There are homeless people all over the US, suffering from a number of ailments the come with the struggles of not having a roof over your head or a bed to sleep in. However, many people don’t know that the largest percentage of homeless people are found in Metro Los Angeles and South Los Angeles—our temperate climate is a huge draw to those who have to deal with the elements day after day.
In order to solve this problem the city proposed a measure to tax all marijuana businesses an additional 10% on top of the tax already in place. This tax money would be used to create new housing and other services for the homeless community of LA. This measure has run into a number of road blocks on its path to the November ballot. It is opposed by a number of organizations that feel marijuana funding could have negative consequences on certain homeless individuals struggling with substance abuse. Many homeless organizations voiced their concern. So many, in fact, that this measure was dropped from the ballot late in July.
A higher tax could potentially drive patients going to collectives back to the black market. This rise in taxes makes our products even more expensive and ties our hands when charging patients. As amazing as it is that this measure was removed, it gives me pause. It is clear that homeless organizations and many government officials are not educated on the medicinal benefits of this plant. Marijuana has helped many patients overcome substance abuse and begin to live more normal lives. The medical marijuana industry has so much more to offer the homeless community than a check.

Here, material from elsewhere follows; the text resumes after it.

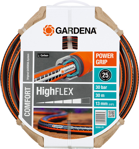 GARDENA Comfort HighFLEX Slange med Power Grip-profil garanterer den perfekte kobling mellem slange og slangekobling. Disse låses sammen ligesom tandhjul, takket være ny teknologi. Power Grip-profilen gør dét muligt, som mange haveejere længe har ønsket sig: en pålidelig kobling med perfekt holdekraft. En positive sideeffekt af den hævede profil: Slangen er nemmere at rulle op og glider godt. Takket være den tætte spiralvævstekstil i høj kvalitet med to spiraler, som arbejder i modsatte retninger, er slangen trykfast og beholder sin form, men er samtidig mere fleksibel i anvendelse end Comfort FLEX Slangen. Det skyldes den øgede tæthed i spiralerne, som gør slangen mere fleksibel og nemmere at håndtere. Ingen knuder på slangen og ingen snoninger. Disse er de bedste forudsætninger for praktisk og fleksibel brug i din have. Den kan systematisk suppleres med Original GARDENA System-fittings og tilkoblingsenheder, hvis det kræves. Den indeholder ingen skadelige (ftalater) og tungmetaller, og den er naturligvis UV-resistent. De tykke vægge gør den meget robust og holdbar. Øvre trykgrænse: 30 bar. Garanti: 25 år.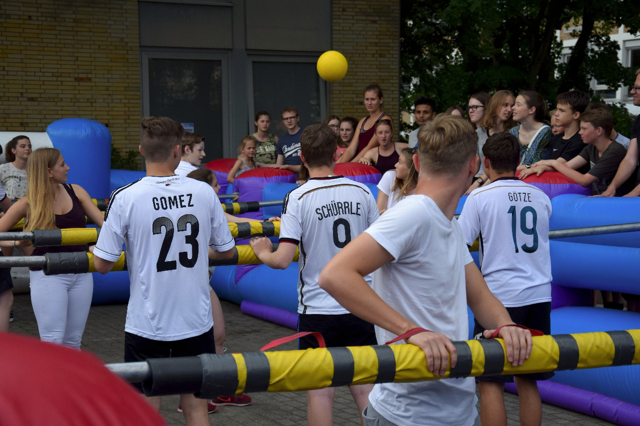 Das Fußball-Turnier erfreute sich gerade bei den Klassen 5-7 hoher Beliebtheit. Doch auch in der Oberstufe wurde hart und auf hohem technisch-taktischen Niveau - aber immer fair und ohne Schiedsrichter - um den Titel der besten Turniermannschaft gekämpft.

Homeless patients are an underprivileged and under served group in our community. They lack access to doctors and healthcare, as well as the education on what the most affordable medication might be. Medical Marijuana has been used to treat a vast number of ailments including PTSD, bipolar disorder, insomnia, chronic pain, arthritis and many others. There are at least 20% of homeless people in LA suffering from mental illness and physical illness. It is our duty as a collective to provide compassion and education to these people. Our industry was built on compassion and healing, and it’s time to remind everyone why we began this journey in the beginning.